Wednesday, April 2
4:00 PM - 5:00 PM
Muenzinger E214
Thomas J. Gould, Ph.D.
Associate Professor of Psychology and the Center for Substance Abuse
Research
Temple University
Nicotine and Learning: From Behavior to Neural and Genetic Substrates
Tobacco use is a serious health problem in the United States, which
attests to the strong addictive nature of nicotine. Whereas nicotine is
reinforcing, it is not as reinforcing as other substances of abuse. This
suggests that additional factors may contribute to nicotine addiction.
Nicotinic acetylcholinergic receptors have been linked to cognitive
processes; thus the ability of nicotine to alter learning and synaptic
plasticity may facilitate nicotine addiction. Research in the Gould
laboratory links the effects of nicotine on hippocampus-dependent learning
to underlying changes in neural and genetic substrates and examines how
these effects change as nicotine administration transitions from acute
treatment to chronic treatment to withdrawal from chronic treatment.

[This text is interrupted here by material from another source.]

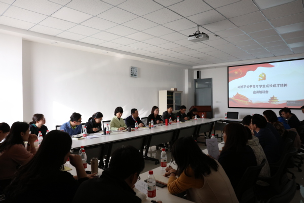 10月30日上午,我院张荣华教授为学校辅导员理论宣讲团全体成员作了“习近平关于青年学生成长成才精神”的宣讲培训,校党委学生工作部(处)副部长孙鹏燕、我院党委副书记袁爱军及相关院部的党委副书记、辅导员一同参加了培训会。

Because both learning and addiction result in long-lasting behavioral
changes, understanding the cellular and genetic factors that contribute to
these changes in plasticity and behavior will advance understanding of
both addiction and learning.
Pharmacology and Genetics of Sleep Disorders: Insights from animal
models
The neurobiological underpinnings of sleep and its disorders remain
ill-defined. I and my colleagues have utilized pharmacological and
behavioral manipulations of wild type and genetically engineered
animals and have exploited phenotypic variability among
laboratory mouse strains to gain insights in this area. In my
presentation, I will describe the knowledge we have gained regarding
mechanisms of sleep/wake therapeutics, the interactions of the
molecular ircadian clock with sleep regulatory mechanisms, and a
unique animal model we have developed for studies on circadian
regulation of sleep.
Wednesday, April 16
4:00 PM - 5:00 PM
Muenzinger E214
Dr. Don Cooper
Assistant Professor
University of Texas Southwestern Medical Center
Psychostimulant-induced plasticity in the brain reward circuitry: From
measurement to manipulation
Drug addiction is primarily a disease that targets the brain*s
motivation/reward and decision-making centers. Addicts demonstrate a loss
of control over drug intake and often seek drugs even in the face of
profound negative consequences. Such impairments in decision-making are
hallmark features of pathological frontal cortical function. The goal of
the Cooper laboratory is to use state-of-the-art functional analysis and
novel molecular genetic tools to identify the mechanisms of
psychostimulant-induced plasticity in the brain reward pathways and then
use these tools to restore normal cellular function. Recently, the Cooper
laboratory has explored a reverse translational (human to rodent) approach
to uncover a novel mechanism for diminished prefrontal cortical function
(hypofrontality) during abstinence from cocaine. A combination of brain
imaging in cocaine addicts, rodent DNA microarray analysis, transgenic GFP
mice and multielectrode electrophysiological recordings reveal
cocaine-induced molecular and physiological changes in prefrontal cortical
superficial layer function. Such prefrontal cortical layer specific
neuroadaptations may be shared across addictive substances and, therefore,
may be a useful therapeutic target. Using rodent cocaine
self-administration as a model to induce plasticity, the Cooper laboratory
is now focused on restoring cocaine-induced prefrontal cortical synaptic
function using viral vectors and novel AMPAkine compounds that target
superficial prefrontal cortical layers to boost excitatory transmission.